### AIM OF THE EXERCISE
Only the pictures should be dropped; every line of the data must come back exactly as written.
DATA TO EXAMINE START
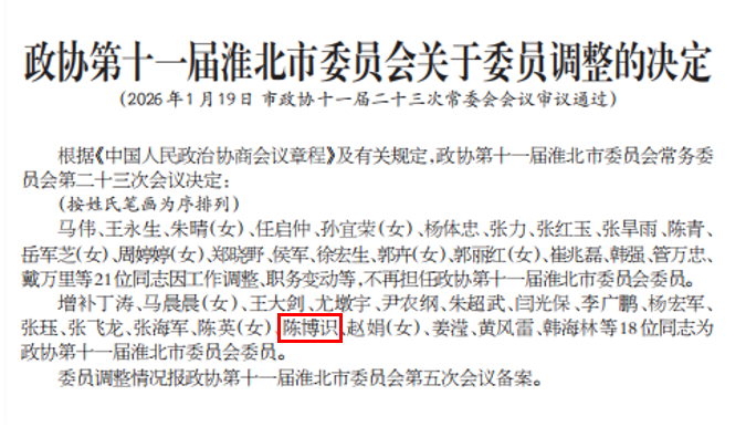 1月19日,经淮北市政协十一届二十三次常委会会议审议通过,伟德官网英语教研室教师、九三学社社员陈博识增补为政协第十一届淮北市委员会委员
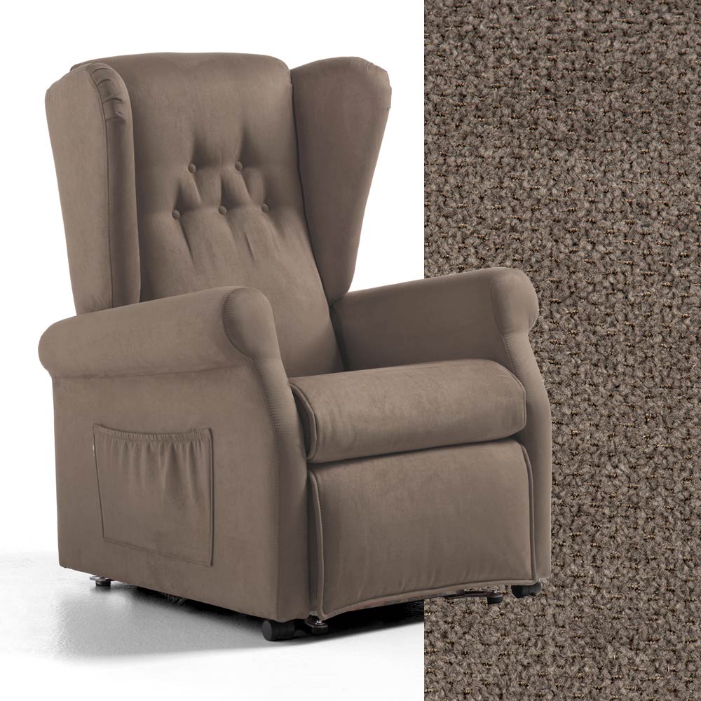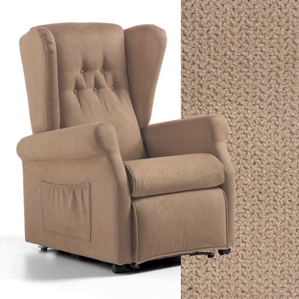 Sessel mit Eisen- und Holzstruktur , Polsterung aus unverformbarem Polyurethanschaum unterschiedlicher Dichte , 2-motorige Mechanik mit Hebe-/Entspannungs-/Bettfunktion und hochwertiger Stoff mit hoher Verschleißfestigkeit und Rollen als Standard.
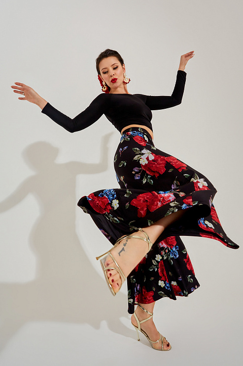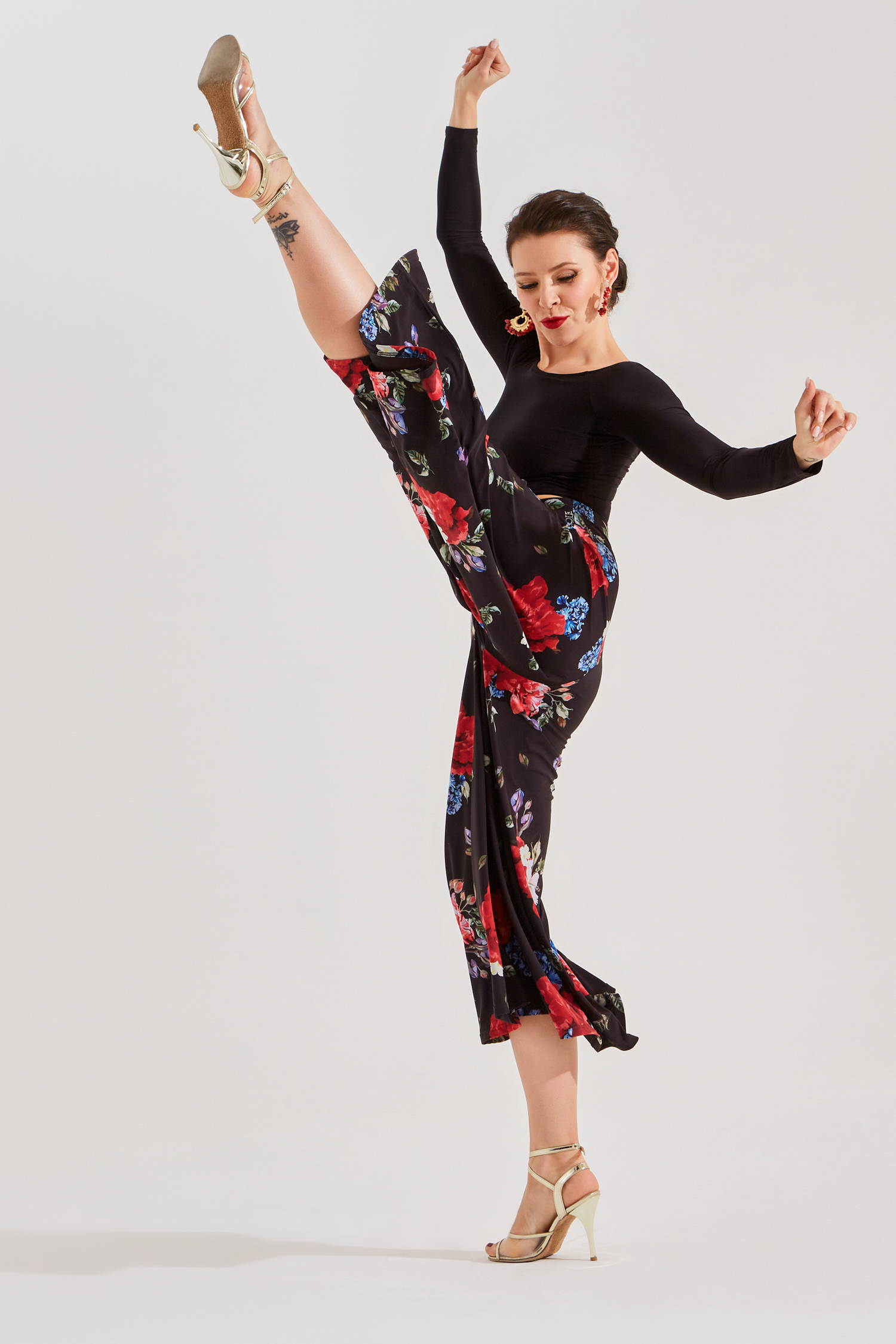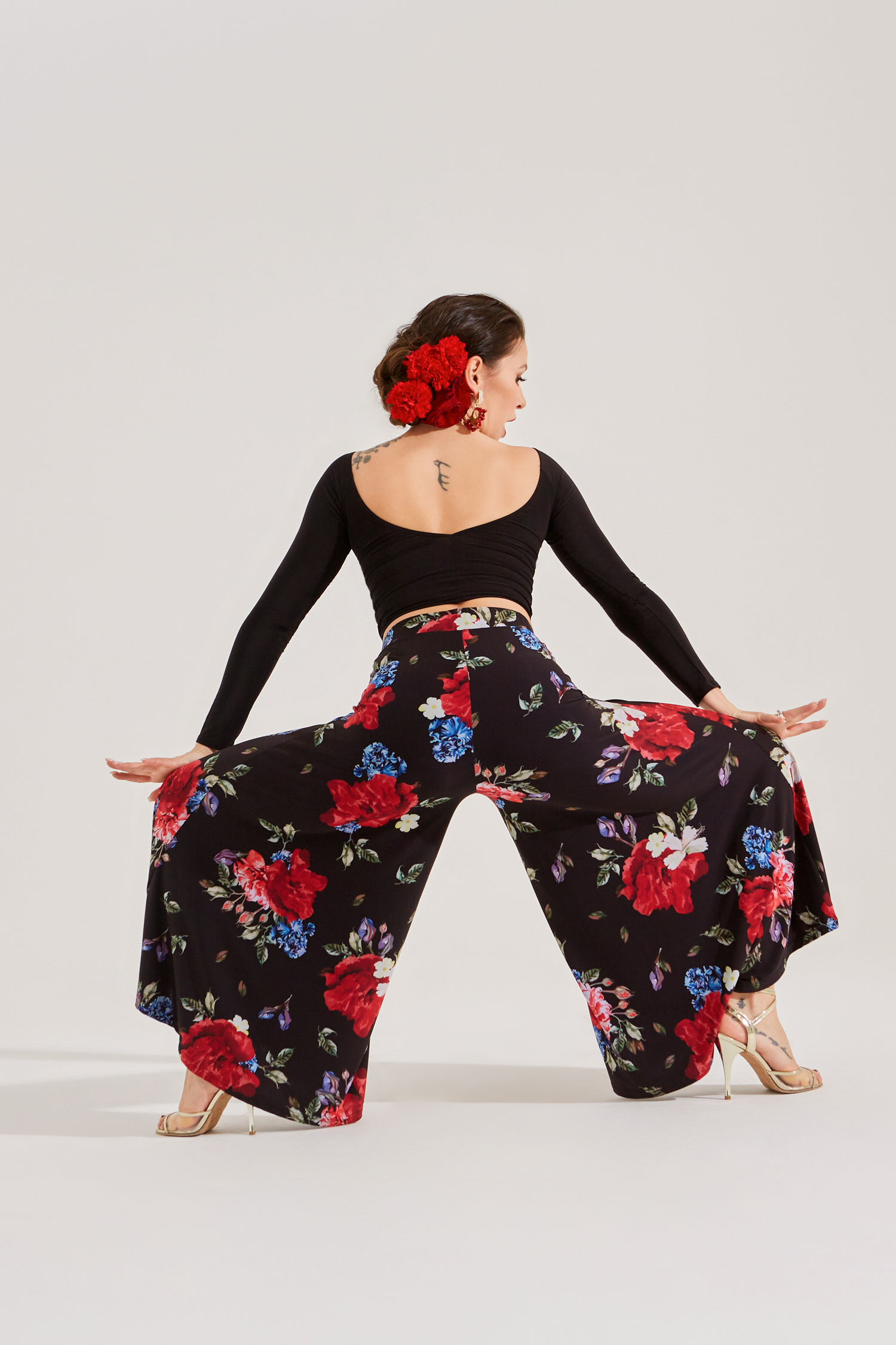 Юбка-брюки — очень стильная и комфортная модель для тренировок. Ширина брючин дает ощущение легкости и женственности, как в юбке, но в то же время брюки дают больше свободы в движениях в танце. В авторском цветочном принте юбка-брюки особенно эффектны.
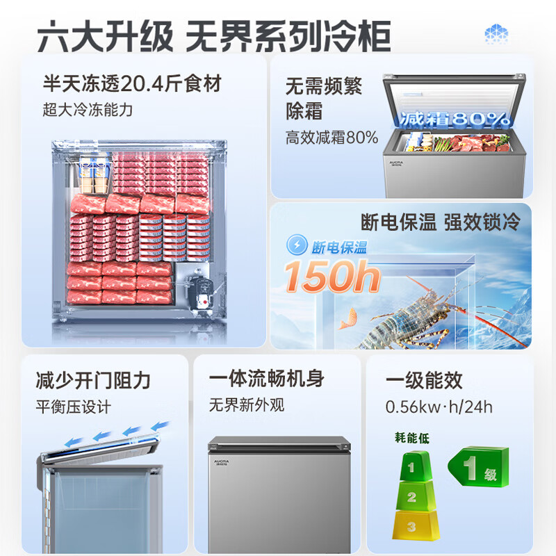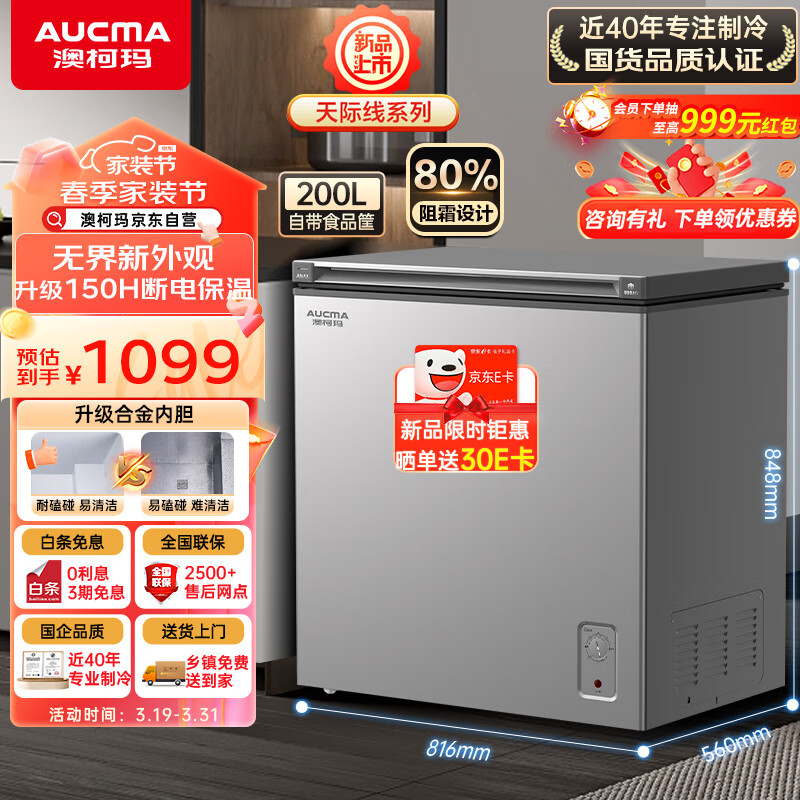 澳柯玛(AUCMA)200升低霜平嵌家用冰柜商用冷藏柜冷冻柜 无界单温冷柜 一级能效 天际线 以旧换新 BC/BD-200HSNE价格:1199.00元!
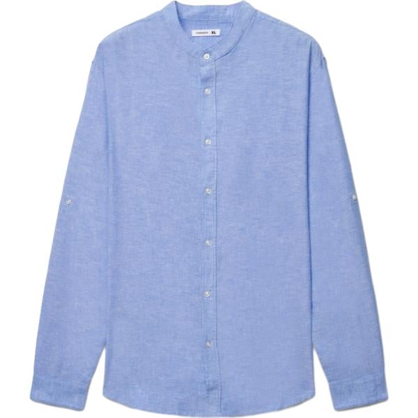 Camicia da uomo in azzurro collo coreana a maniche lunghe con bottoni
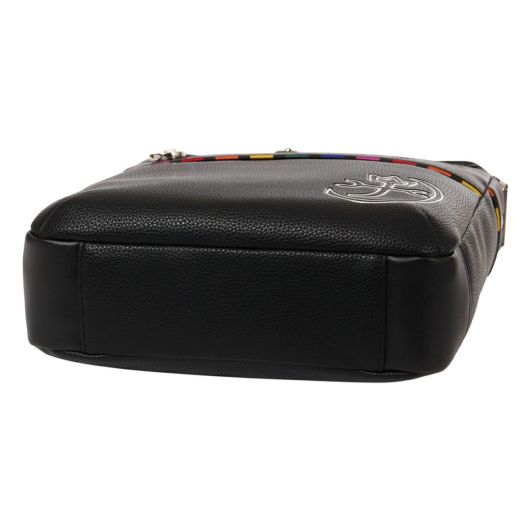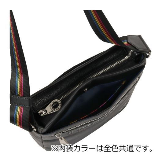 特殊なメタル表現とブランドアイコンであるマルチストライプをジャガード生地に施した「JUNE」シリーズ。シボ感のハッキリとしたシュリンク調合皮を使用。PVCをベースにしてトップをPUで仕上げた耐久性が高く、加水分解のしにくいのが特徴。ブランドを象徴するレインボーカラーのオリジナルジャガート生地を先染の凹凸のあるグログランで織り上げ、価値観と個性をより高めます。凹み部分に金属調シリコンを埋め込む様な手法で、フラットさを表現する小技も見逃せないポイント。
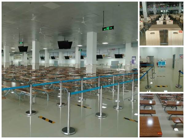 同时在卫生间摆放洗手液、在食堂入口处设置室外洗手池,在餐厅内设置专用口罩回收垃圾桶,全面做好食堂疫情防控安全工作。
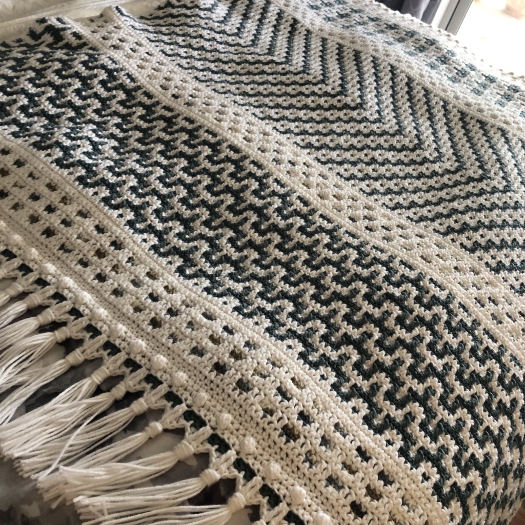 I’ve seen some really beautiful examples of this blanket worked in all sorts of colors. Most notably was a creator whose MC was a bright teal, and their C1 was a rich coral color. Playing with the colors on this blanket can absolutely transform it, and it is very easy to put your own personal touch on it. I have also seen a lot of crocheters who are not fans of tassels omit them completely and either finish the blanket with a SC border around the whole thing, or create their own edging entirely.
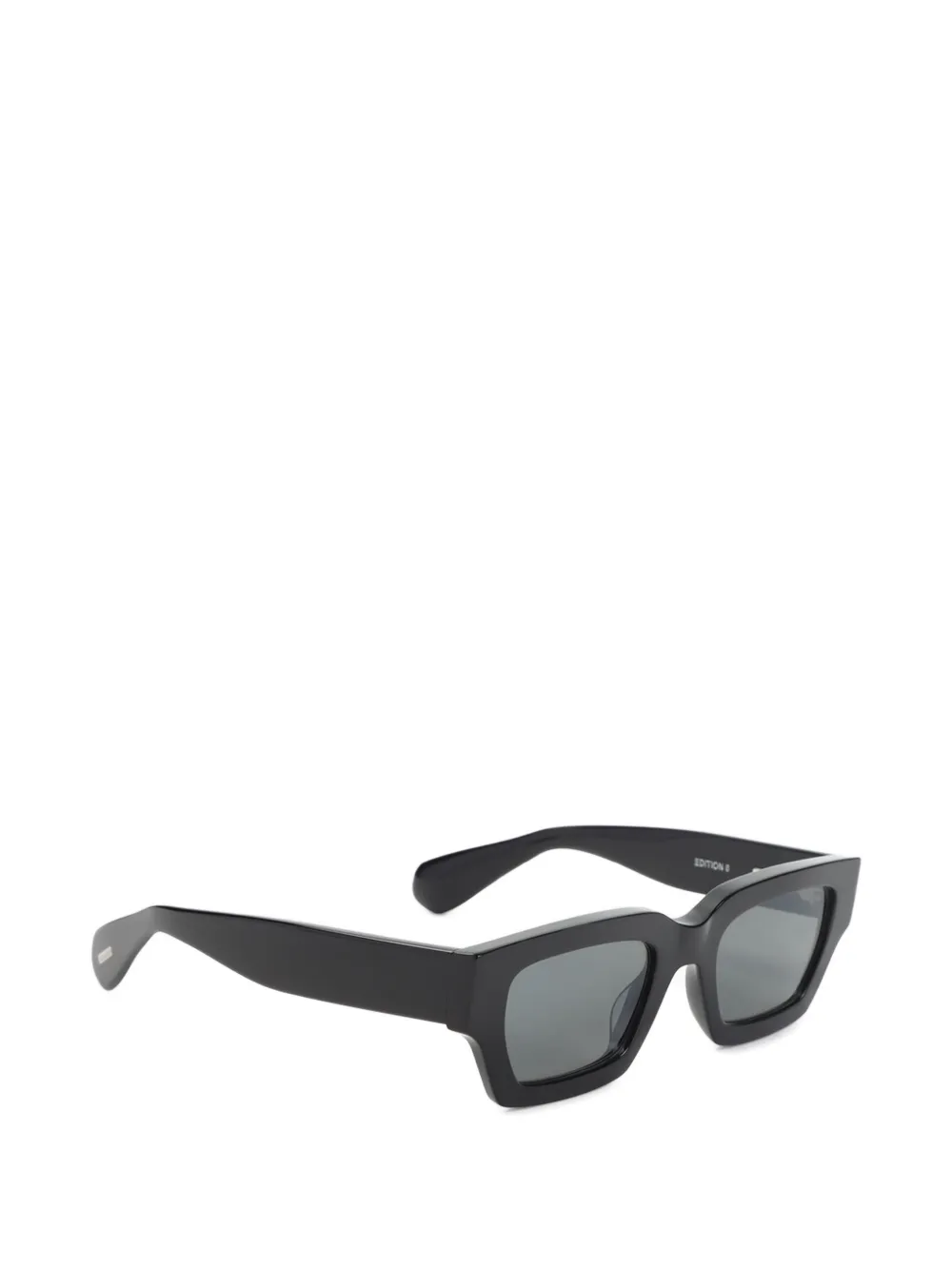 black acetate rectangle frame tinted lenses nose pads edition lettering These glasses come with a protective case.
DATA TO EXAMINE END
### RESPONSE AREA
 1月19日,经淮北市政协十一届二十三次常委会会议审议通过,伟德官网英语教研室教师、九三学社社员陈博识增补为政协第十一届淮北市委员会委员
 Sessel mit Eisen- und Holzstruktur , Polsterung aus unverformbarem Polyurethanschaum unterschiedlicher Dichte , 2-motorige Mechanik mit Hebe-/Entspannungs-/Bettfunktion und hochwertiger Stoff mit hoher Verschleißfestigkeit und Rollen als Standard.
 Юбка-брюки — очень стильная и комфортная модель для тренировок. Ширина брючин дает ощущение легкости и женственности, как в юбке, но в то же время брюки дают больше свободы в движениях в танце. В авторском цветочном принте юбка-брюки особенно эффектны.
 澳柯玛(AUCMA)200升低霜平嵌家用冰柜商用冷藏柜冷冻柜 无界单温冷柜 一级能效 天际线 以旧换新 BC/BD-200HSNE价格:1199.00元!
 Camicia da uomo in azzurro collo coreana a maniche lunghe con bottoni
 特殊なメタル表現とブランドアイコンであるマルチストライプをジャガード生地に施した「JUNE」シリーズ。シボ感のハッキリとしたシュリンク調合皮を使用。PVCをベースにしてトップをPUで仕上げた耐久性が高く、加水分解のしにくいのが特徴。ブランドを象徴するレインボーカラーのオリジナルジャガート生地を先染の凹凸のあるグログランで織り上げ、価値観と個性をより高めます。凹み部分に金属調シリコンを埋め込む様な手法で、フラットさを表現する小技も見逃せないポイント。
 同时在卫生间摆放洗手液、在食堂入口处设置室外洗手池,在餐厅内设置专用口罩回收垃圾桶,全面做好食堂疫情防控安全工作。
 I’ve seen some really beautiful examples of this blanket worked in all sorts of colors. Most notably was a creator whose MC was a bright teal, and their C1 was a rich coral color. Playing with the colors on this blanket can absolutely transform it, and it is very easy to put your own personal touch on it. I have also seen a lot of crocheters who are not fans of tassels omit them completely and either finish the blanket with a SC border around the whole thing, or create their own edging entirely.
 black acetate rectangle frame tinted lenses nose pads edition lettering These glasses come with a protective case.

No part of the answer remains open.